Traffic police estimated the number of marchers at several hundred thousand, and said demonstrations were also taking place in other Syrian cities. The government, which strongly opposes the war, allowed civil servants to stop work to join the march.
"We sacrifice our souls and blood for Iraq," chanted the demonstrators as they burned U.S. and British flags and spat on pictures of U.S. President George W. Bush covered with red paint symbolising blood.
Members of the crowd called Bush a "pig" and a "criminal" and described British Prime Minister Tony Blair as Bush's "lackey and dog."

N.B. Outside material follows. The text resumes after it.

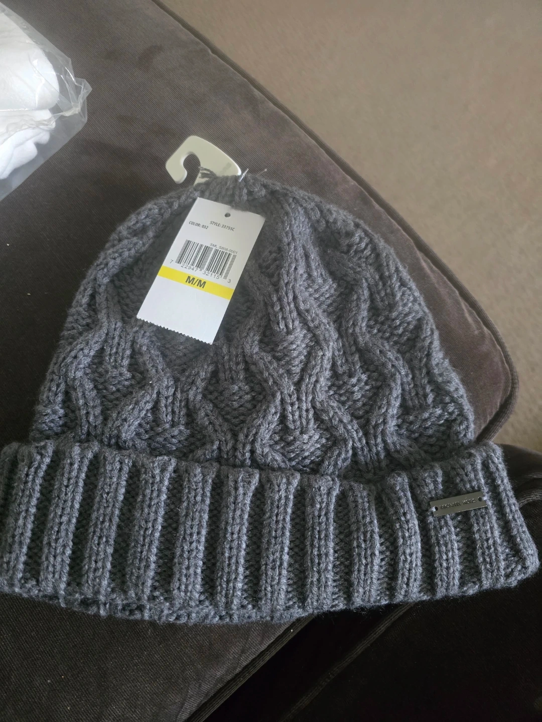 This Michael Kors beanie is a stylish grey colour with a classic cable knit pattern. It's size M/L and made from a soft material. Keeps your head warm on chilly days!

Marchers also yelled abuse at the leaders of Egypt, Jordan, Qatar and Kuwait, accusing them of supporting the war. They called Jordan's King Abdullah a Zionist and Egyptian President Hosni Mubarak a "dollar worshipper," and said the Gulf Arab states' leaders were "traitors."
Hundreds of riot police and other security officers threw up road blocks in streets leading to the U.S. embassy, which was stormed by an angry crowd in 2000.
The marchers demanded that Syria expel the U.S. and British envoys and close down their embassies. "We say it out loud, we do not want to see their embassies (in Damascus)," they chanted.
Syrians' anger at the invaders of Iraq was fuelled by news that U.S. and British aircraft had bombed a bus in Iraq carrying Syrian labourers home, killing five and wounding more than 10. http://www.citypages.com/databank/24/1164/article11140.asp Some protesters carried pictures of the victims.
The United States said the bombing on Sunday night was an accident and expressed its regrets to the families of the dead.
Syria, the only Arab country with a seat on the U.N. Security Council, opposes the current war on Iraq, in contrast with the 1991 Gulf war when it contributed troops to the U.S.-led force that ended the Iraqi occupation of Kuwait.